Showing posts with label Nationalism. Show all posts
Showing posts with label Nationalism. Show all posts

Monday, September 19

Understanding Nationalism

A man rides his bicycle past volunteers of the Hindu nationalist organisation Rashtriya Swayamsevak Sangh (RSS) taking part in the "Path-Sanchalan", or Route March, during celebrations to mark the 
Vijaya Dashmi or Dussehra in Mumbai, India, on October 11, 2016.





Countries are the building blocks of the modern world. Nearly two hundred make up the globe as we know it today. They vary in population and size: China and India are home to more than one billion people, while Vatican City and Monaco are smaller than a single square mile.

The world also comprises a large number of nations.

While the terms country and nation are often used interchangeably, they have subtle, but important, differences. Nations are groups of people united by ethnic, linguistic, geographic, or other common characteristics. Countries, on the other hand, refer to places with governments that are internationally recognized and have the power to oversee what happens within their borders (often in theory rather than in practice).

Like countries, nations come in different shapes and sizes. But unlike countries, nations are not always reflected in borders on a map. Some nations span multiple countries, such as the Kurdish nation, whose approximately thirty million people live in Iran, Iraq, Syria, and Turkey. The Kurds, importantly, do not have a country of their own and are a minority in all the countries that they inhabit.

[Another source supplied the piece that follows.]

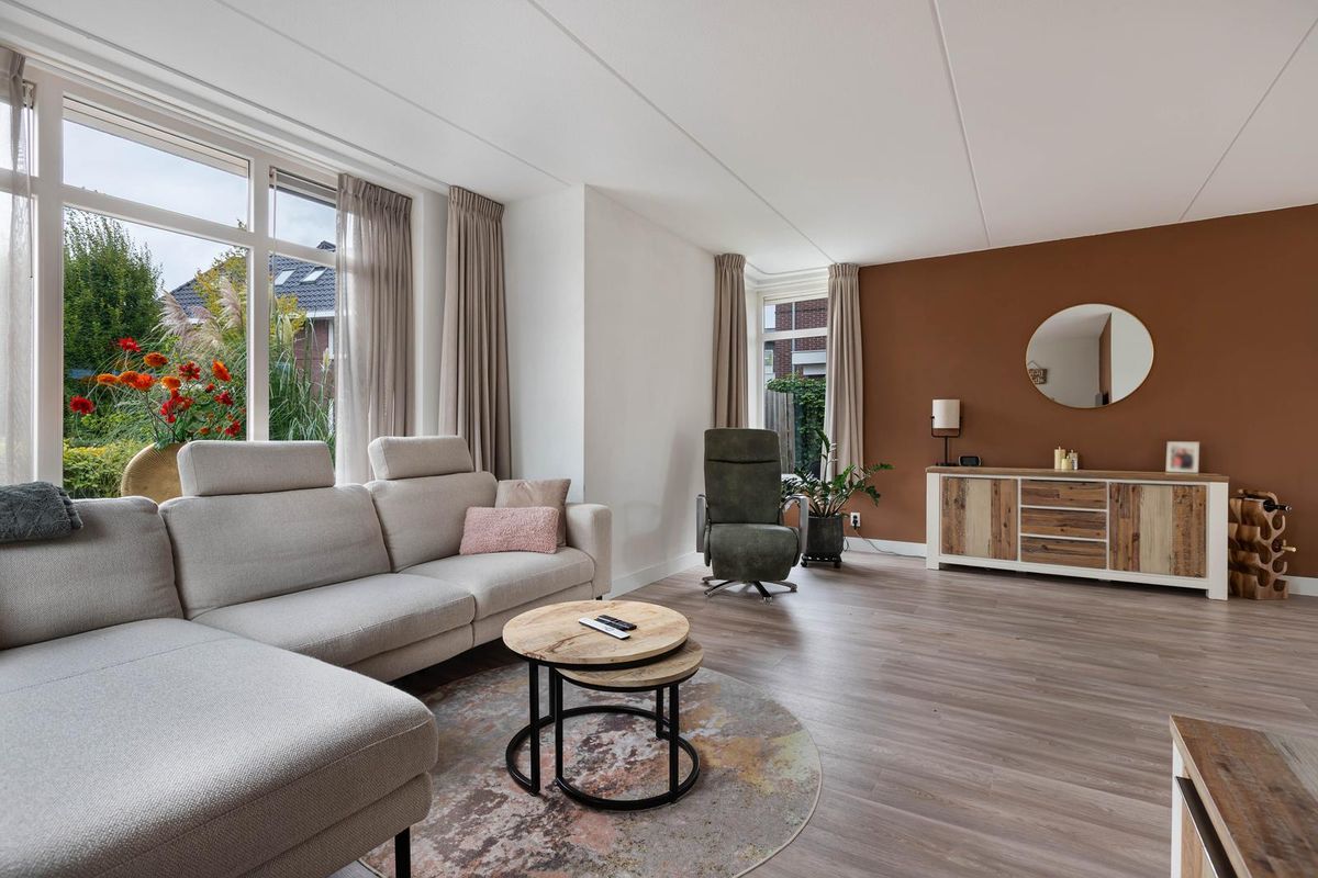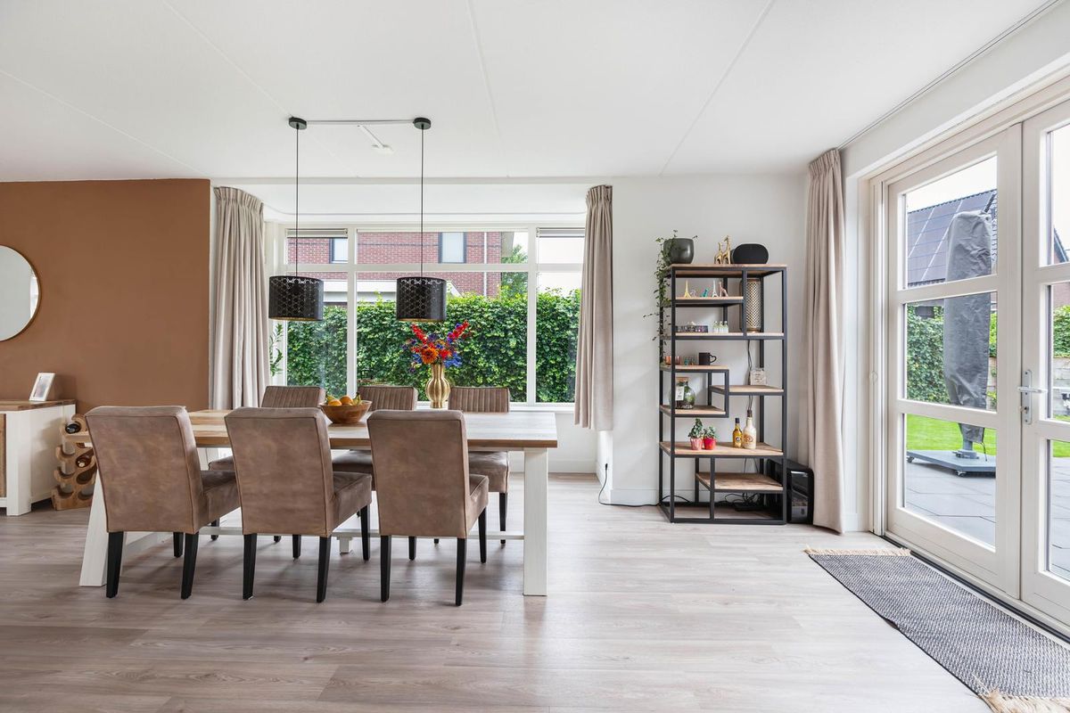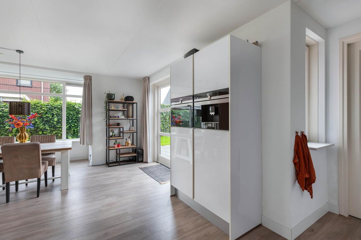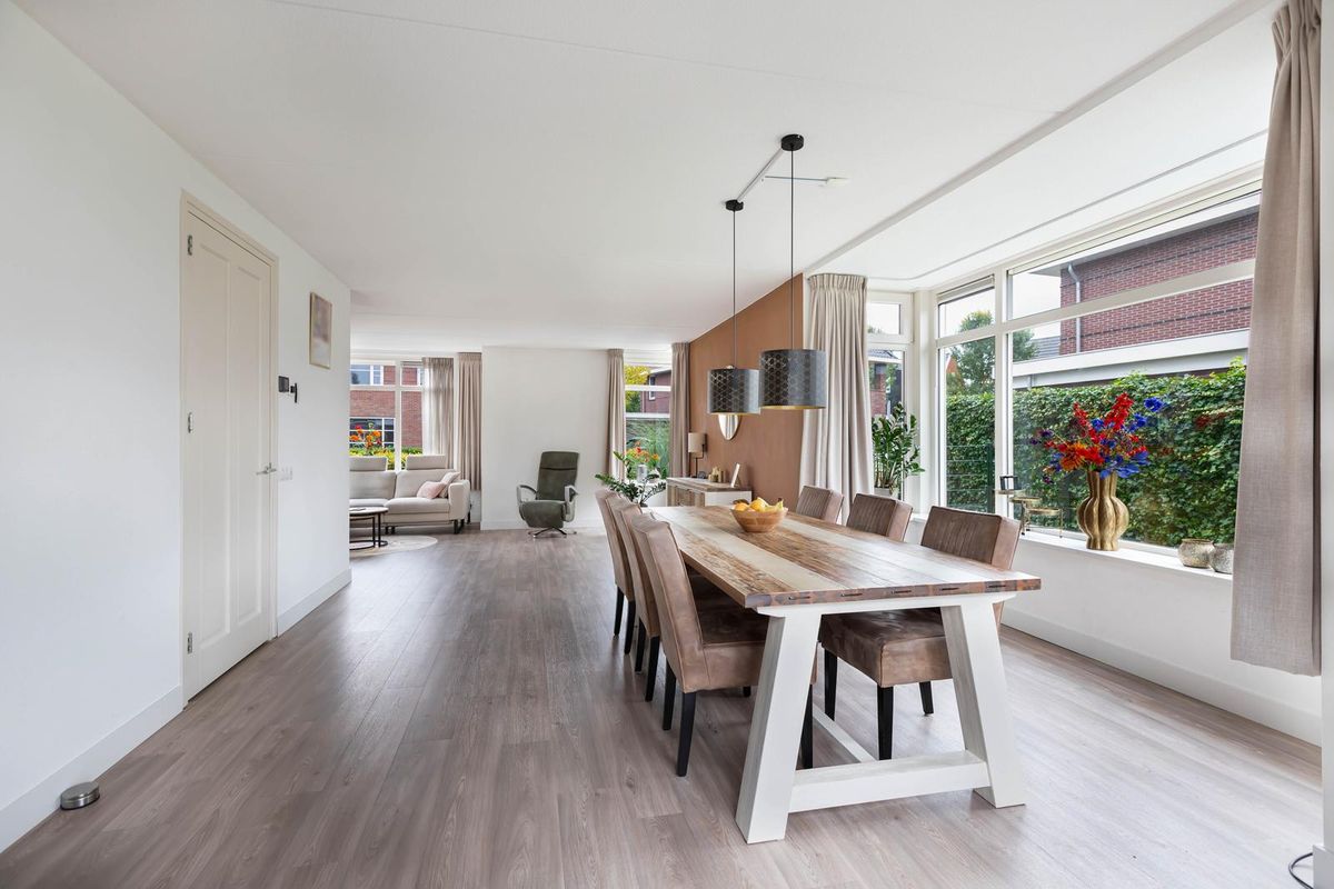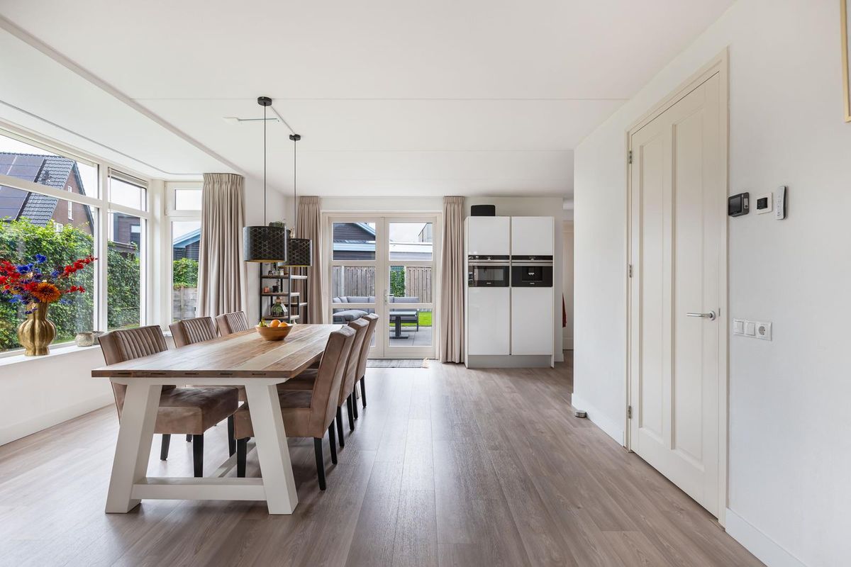Via de overdekte entree kom je binnen in een ruime hal met garderoberuimte en modern toilet. De sfeervolle u-vormige woonkamer is licht en ruim, mede dankzij de twee uitgebouwde erkers en de openslaande deuren naar de tuin. De vloer is in 2024 volledig vernieuwd met een hoogwaardige PVC-vloer inclusief 7-groeps vloerverwarming wat veel comfort biedt.

Other nations exist primarily within one country. Belgium, for example, is largely made up of two different groups of people—the Flemings and Walloons—which have distinct languages and cultural identities. Few members of these two nations live outside Belgium. Sometimes, a nation does neatly overlap with the borders of a country. For example, in Japan, 98 percent of citizens are of the same ethnicity and nearly all speak Japanese and share national traditions.

Groups of people working to advance the interests of their nation, country, or would-be country is known as nationalism. Often, nationalism is invoked by groups pushing for independence, especially when they are ruled by perceived outsiders. But nationalism doesn’t always mean being pro-independence. It can also entail people promoting their culture, asserting their religious beliefs, or organizing for greater political power.

In certain contexts, nationalism can serve as a basis of unity, inclusion, and social cohesion for a country. But when taken to extremes, nationalism can fuel violence, division, and global disorder.  READ MORE...

Thursday, February 17

Sovereignity


Sovereignty is the bedrock of international relations. The concept lays out basic rules for how countries are allowed to interact with one another. In principle, it means countries get to control what happens inside their borders and can’t interfere in what happens elsewhere. This protects countries from being invaded over internal matters.

But the concept of sovereignty doesn’t play out perfectly in reality. There are limits to the control a country can exercise over what happens inside its borders. In the case of grievous human rights abuses like genocide, many countries argue breaches of sovereignty should be allowed on humanitarian grounds. Meanwhile, dozens of countries around the globe choose to give up a degree of sovereignty to join organizations like the European Union and the World Trade Organization.

Today, as the world grows increasingly interconnected, what constitutes a violation of sovereignty is up for interpretation—and world leaders have to decide how to tackle problems like climate change and terrorism that know no borders.

Nationalism can unite people—but also divide them, to destructive ends.  Countries that respect one another’s independence are the building blocks of our modern international system and learn what it takes for groups of people to form a new country.

Questions:
  • Why countries as different as Poland and Germany would give up some sovereignty to join the European Union?
  • Is a country’s sovereignty justifiable to protect human rights, such as the NATO-led intervention in Libya in 2011?
  • Why some countries breach each other’s sovereignty for non-humanitarian reasons leaving other countries and governments deciding how to respond to such actions?

Online, we see sovereignity this way:  Sovereignty is the supreme authority within a territory.  Sovereignty entails hierarchy within the state, as well as external autonomy for states.  In any state, sovereignty is assigned to the person, body, or institution that has the ultimate authority over other people in order to establish a law or change an existing law.  In political theory, sovereignty is a substantive term designating supreme legitimate authority over some polity.  In international law, sovereignty is the exercise of power by a state. De jure sovereignty refers to the legal right to do so; de facto sovereignty refers to the factual ability to do so. This can become an issue of special concern upon the failure of the usual expectation that de jure and de facto sovereignty exist at the place and time of concern, and reside within the same organization.